Combating the “unprecedented” cybersecurity threats facing the North American power grid “requires constant monitoring and vigilance,” FERC Chair Willie Phillips reminded attendees at the commission’s annual Reliability Technical Conference Nov. 9.
“The average cost of a data breach in 2023 was $4.45 million, and the global cost of cybercrime was estimated at $8 trillion in 2022, $11 trillion in 2023 and is predicted to be more than $20 trillion in 2026,” Phillips said. “Quite simply, this is a national security issue. And these quickly evolving threats present a challenge when assessing whether security controls adequately respond to the latest cyber threats.”
The rapidly changing cyber and physical threat landscape comprised one of the three key issues addressed at the conference, along with the reliability risks posed by extreme weather and the power grid’s changing resource mix. Participants in one morning panel, including Electricity Information Sharing and Analysis Center CEO Manny Cancel, emphasized the “unprecedented” level of danger posed to the grid by both foreign states and organized criminals.
Cancel said the willingness of nation-state actors to target the North American grid “isn’t subject to debate,” referring to the U.S. intelligence community’s 2023 Annual Threat Assessment, which identified China, Russia, Iran and North Korea as conducting active cyber campaigns against the U.S. and its allies. China, Cancel said, is believed to have sponsored attacks against multiple U.S. critical infrastructure organizations and Asian electric utilities, while the E-ISAC has detected “Russian-linked scanning in [its] information technology and operational technology systems … searching for security gaps.”
While the sponsorship of hostile governments has enabled greater creativity from malicious actors, they also have benefited from a growing attack surface created by the addition to the grid of new, internet-connected generation types such as wind and solar facilities, along with distributed energy resources such as rooftop solar panels. These facilities have helped enable a faster transition to a lower-emission grid but constitute a potential vulnerability for adversaries to exploit.
“When you think about it from a pure numbers perspective, you’ll have a larger coal plant retiring that may be 300 [to] 800 MW, and obviously what’s coming online … is more. [Wind and solar facilities] tend to be smaller plants,” said SERC Reliability CEO Jason Blake. “In addition to that they’re [also] more digitized. They need additional tools to perform their functions.”
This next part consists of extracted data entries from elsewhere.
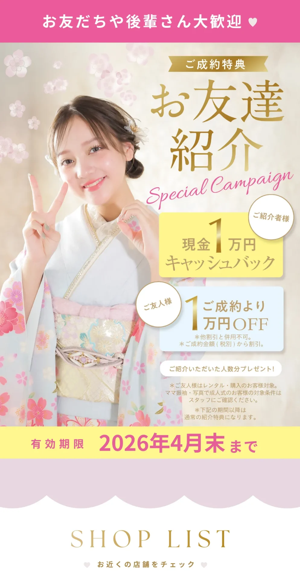 【4月末まで】お友だち紹介 グレードアップ中|とみひろふりそで |成人式振袖レンタル とみひろふりそで
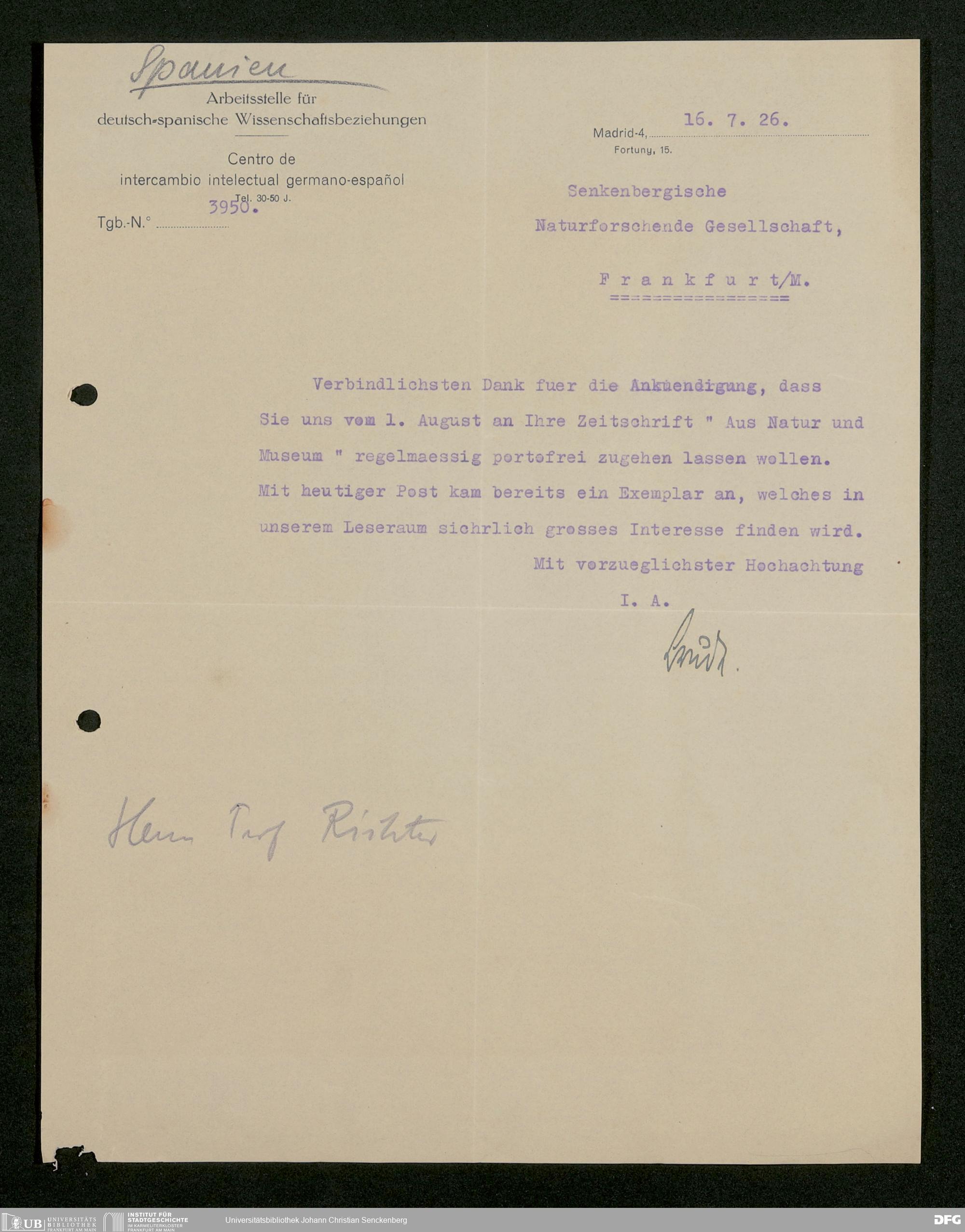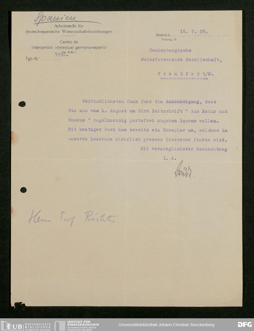 V176 Senckenberg Gesellschaft für Naturforschung, 535 - Mitgliederwerbung in und Geldspenden aus Spanien
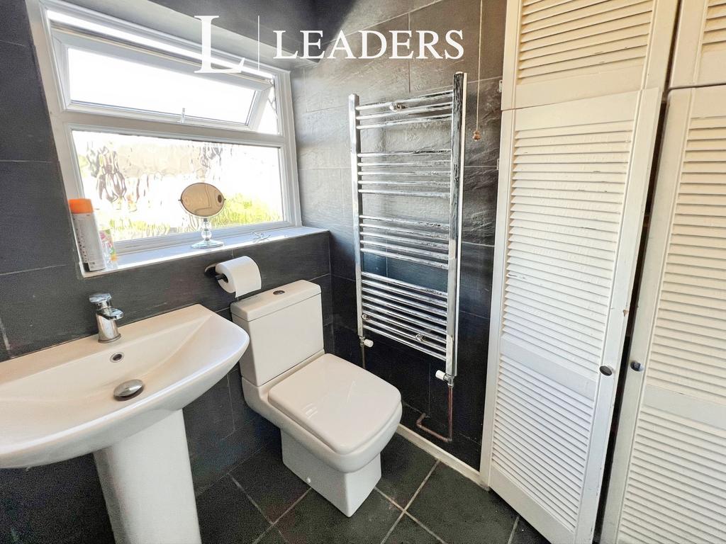 Bathroom - 1.61m x 1.93m (5'3" x 6'4") - Fitted with a modern three piece suite comprising bath with shower over, wash hand basin and a low-level WC, radiator, tiled flooring, storage cupboard
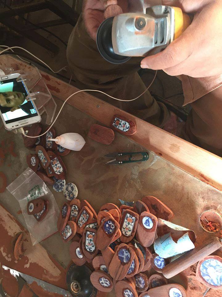 Vintage Japanese Porcelain and Hardwood Pendants Fair Trade from Cambodia
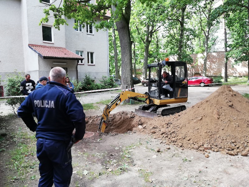Na początku lipca ub. roku we wskazanym miejscu zaczęto szukać zwłok. Kiedy dół kopany przez koparkę osiągnął głębokość prawie dwóch metrów, rodzina zaginionego Andrzeja (druga nie uczestniczy w poszukiwaniach) zauważyła kawałek materiału. W chwili gdy operator wykopał drugą łyżkę piachu, to ukazały się w niej kości. W tym momencie matka poszukiwanego doznała szoku. Z pomocą pośpieszyli jej ratownicy medyczni. Prace przerwano w oczekiwaniu na prokuratora, który przybył na miejsce.

Despite these risks, Blake said he remains “comfortable and confident” in the ability of grid operators to adapt to the evolving threats because NERC’s Critical Infrastructure Protection (CIP) standards “provide a very strong base” for grid cybersecurity. However, Blake and his fellow panelists also acknowledged there still is work to be done, particularly in updating the CIP standards to allow the use of cutting-edge technology in grid operations. Maggy Powell, a principal security industry specialist for Amazon Web Services, said CIP standards “are very device-centric” and “were written without contemplating virtualization [and] before cloud [computing] was really a thing.”
Jonathan Tubb, director of industrial cybersecurity for Siemens Energy of North America, added that in his experience utilities are looking for “lighter weight and scalable solutions” to address the cyber needs of large-scale distributed generation. But even if these solutions are available, he said, operators may feel unable to make use of them because of compliance concerns. He urged NERC and FERC to push for changes to the CIP standards that will allow the use of flexible distributed cyber defense software.
Robb Highlights IBR, Gas Issues
In the morning’s other panel, which focused on the grid’s changing resource mix, NERC CEO Jim Robb acknowledged the “paradoxical” fact that “although the [grid] is performing exceptionally well,” with misoperation rates and human errors down and transmission availability rising, “all of our reliability assessments show an expansion of risk, both geographically and [in] severity.” He attributed the growing risk “largely … to grid transformation,” particularly the spread of inverter-based resources like wind and solar plants.
While Robb said these new generation sources are “incredibly exciting technologies,” he warned that they come “with real issues.” In addition to their potential cyber vulnerability, the behavior of IBRs is not as well understood as that of older generation types, which has prevented their full integration into system models and simulations.
Robb also acknowledged the recent release of FERC and NERC’s report on Winter Storm Elliott, which he called “very sobering.” (See FERC-NERC Elliott Report Calls Winter Outages ‘Unacceptable’.) He reflected that while the “heroic” actions of gas and electric utilities kept the natural gas system from collapsing under the strain of the storm, if temperatures in the Northeast had not warmed up when they did, the grid could have “been in a real world of hurt.”
The difficulties of gas and electric coordination during Elliott pointed out another area where work is needed, Robb said. He reiterated his support for the formation of a gas reliability organization that could create mandatory standards similar to the ERO and called for NERC and other industry stakeholders to continue working with the gas industry to improve their collaboration efforts.